For the data below, restate word for word only the lines from the line containing "站台打卡盖章 图源:西安地铁" through the line containing "Experience premium audio", both ends included.

** EXERCISE INPUTS **
################

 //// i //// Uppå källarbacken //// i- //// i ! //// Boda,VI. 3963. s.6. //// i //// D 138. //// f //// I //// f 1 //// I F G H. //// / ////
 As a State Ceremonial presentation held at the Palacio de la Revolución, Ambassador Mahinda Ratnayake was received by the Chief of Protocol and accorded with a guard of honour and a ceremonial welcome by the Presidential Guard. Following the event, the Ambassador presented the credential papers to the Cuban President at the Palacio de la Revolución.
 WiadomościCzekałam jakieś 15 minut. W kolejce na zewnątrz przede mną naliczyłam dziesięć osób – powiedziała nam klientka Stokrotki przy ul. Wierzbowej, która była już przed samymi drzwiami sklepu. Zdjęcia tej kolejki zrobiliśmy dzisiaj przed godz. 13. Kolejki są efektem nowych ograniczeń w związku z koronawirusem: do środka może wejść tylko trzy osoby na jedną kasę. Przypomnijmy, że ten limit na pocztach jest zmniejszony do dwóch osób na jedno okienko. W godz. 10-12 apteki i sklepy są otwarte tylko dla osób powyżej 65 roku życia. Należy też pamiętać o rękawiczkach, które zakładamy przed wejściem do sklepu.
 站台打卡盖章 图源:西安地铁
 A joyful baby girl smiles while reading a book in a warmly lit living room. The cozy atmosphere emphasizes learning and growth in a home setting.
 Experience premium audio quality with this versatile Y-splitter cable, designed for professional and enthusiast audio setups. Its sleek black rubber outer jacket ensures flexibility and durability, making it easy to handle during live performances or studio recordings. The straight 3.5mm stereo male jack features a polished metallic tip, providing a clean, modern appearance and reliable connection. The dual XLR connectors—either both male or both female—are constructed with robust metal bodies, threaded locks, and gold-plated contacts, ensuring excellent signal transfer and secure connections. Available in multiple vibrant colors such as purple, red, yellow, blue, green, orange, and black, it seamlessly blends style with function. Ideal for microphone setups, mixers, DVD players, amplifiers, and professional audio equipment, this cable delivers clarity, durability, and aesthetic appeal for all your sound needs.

################

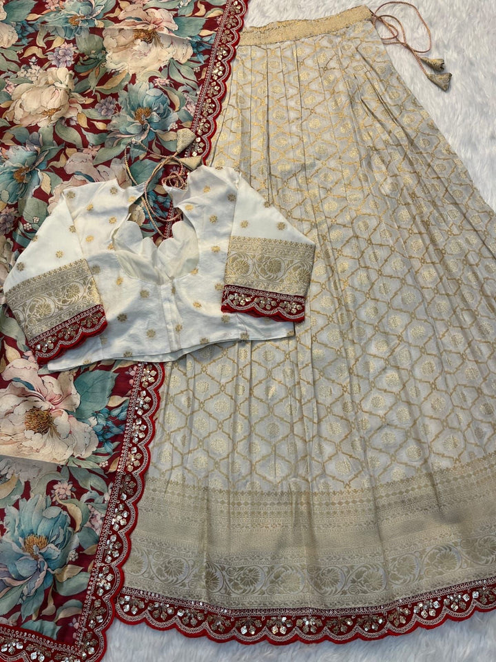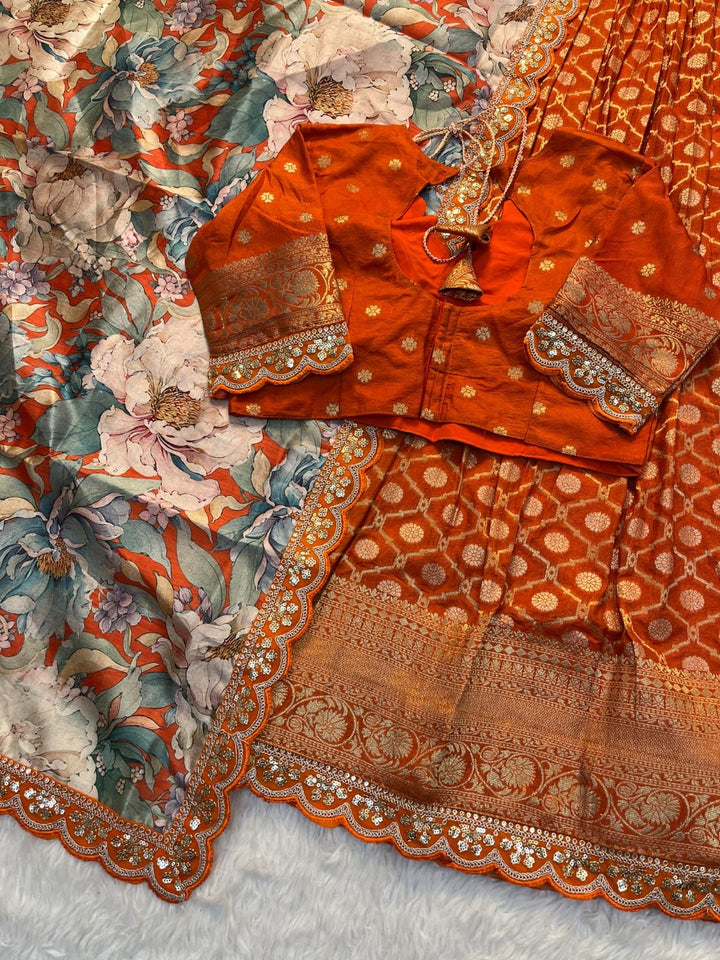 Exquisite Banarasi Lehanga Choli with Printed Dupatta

################

** OUTPUT OF THE TASK **
 站台打卡盖章 图源:西安地铁
 A joyful baby girl smiles while reading a book in a warmly lit living room. The cozy atmosphere emphasizes learning and growth in a home setting.
 Experience premium audio quality with this versatile Y-splitter cable, designed for professional and enthusiast audio setups. Its sleek black rubber outer jacket ensures flexibility and durability, making it easy to handle during live performances or studio recordings. The straight 3.5mm stereo male jack features a polished metallic tip, providing a clean, modern appearance and reliable connection. The dual XLR connectors—either both male or both female—are constructed with robust metal bodies, threaded locks, and gold-plated contacts, ensuring excellent signal transfer and secure connections. Available in multiple vibrant colors such as purple, red, yellow, blue, green, orange, and black, it seamlessly blends style with function. Ideal for microphone setups, mixers, DVD players, amplifiers, and professional audio equipment, this cable delivers clarity, durability, and aesthetic appeal for all your sound needs.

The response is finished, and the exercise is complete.